Can't Wait to Be Home...

Wednesday, November 12, 2008

Day 103: Comfort Zone

As a Family Physician, encountering clinical cases that are out of my comfort zone is not uncommon. The nature of my specialty allows me to provide initial evaluation and management of most patient care complaints from patients of all walks of life. At the same time, we as "gatekeepers" to the subspecialty world trust our specialist colleagues to provide a higher level of care when we have surpassed the boundaries of our clinical "comfort zones".

As a family physician practicing on the island of Guam, I have already encountered numerous patients that have forced me to practice out my comfort zone. Cases have included patients with ST-elevation MIs (bad heart attacks) without access to coronary care facilities or cath labs, post-coronary bypass grafts placed in my 15-minute clinic slot, bipolar disorder, and chronic pain from metastatic nasopharyngeal cancer.

As a military-trained family physician in Afghanistan, I have now crossed way out of my comfort zone as a significant portion of my clinical responsibilities includes prehospital and tactical field trauma evaluation and management. It's one thing to go through the trauma training courses, but it's another thing to encounter it for the first time....without my specialty safety net!

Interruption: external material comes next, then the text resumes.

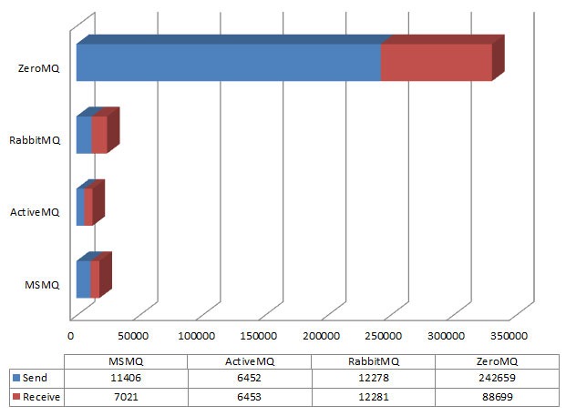 对于rabbitmq zeromq,我自己虽然没有专门的测试,但是实际应用中都有应用的。 zeromq的速度不用质疑,确实很快很快,但是他不做数据的存储持久化和可用性,要是client没有开启的话,他照样会把信息pub出去,不管你存不存在。但是rabbitmq就考虑了很多,看下图大家就知道了。
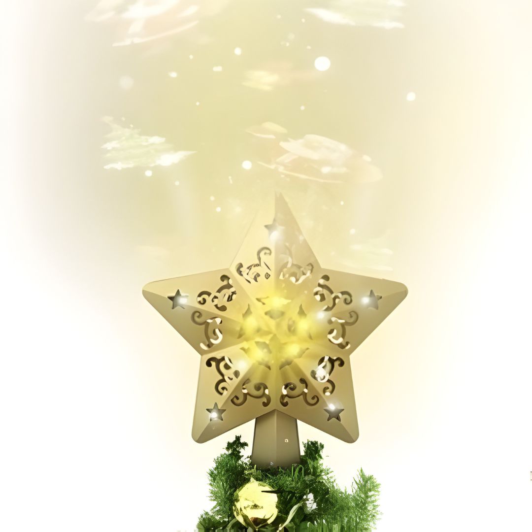 Η κορυφή-αστέρι με ενσωματωμένο προτζέκτορα συνδυάζει παραδοσιακή λάμψη με τεχνολογία φωτισμού, δημιουργώντας μια ονειρική ατμόσφαιρα στο χώρο.

Several days ago I was called to our little ER on base to evaluate an ANA soldier who was injured by an IED blast. He had significant head trauma and had a Glasgow Coma Scale of 9 (not good). I must admit I was very nervous, not only because I was your average family physician, but because I was the ONLY physician. Also, by Afghan standards, American doctors know all and can heal all.

I proceeded to the clinic with a medic and we did as we were trained. The Afghan medics did the best they knew how with the limited supplies they had. As a mentor, I tried to use the case as a teaching tool for the Afghan medical staff rather than simply taking over the scene. Starting with the primary survey, going through the ABCDEs, reassessing ventilatory techniques, and conducting a secondary survey, we methodically treated the patient. Once again, I have never led out in a code let alone a real-life trauma scenario...several episodes of ER came to mind, and as much as it would have been cool to ask for a "trauma panel, C-spine, abdomen, and pelvis", that was just not going to happen in my podunk Afghan clinic.

To make a long story short, we did what we could for the patient and successfully packaged him up for transfer to the nearest trauma center. Reflecting back on the whole thing, it was only by the grace of God that I was able to maneuver my way through that clinical scenario. I'm sure He will guide me through many more.

"Hear my cry, O God; attend to my prayer. From the end of the earth I will cry to You, when my heart is overwhelmed; lead me to the rock that is higher than I." Psalms 61:1,2

2 comments:

Gemma said...

Hallelujah that we have a "Rock that is higher than I"!! Sounds like you did some strong work sailor. Probably would make an awesome episode on "ER". ;D

Justin said...

Good work Mike. It sounds like all those call nights at Camp Pendleton paid off. Take care and be safe.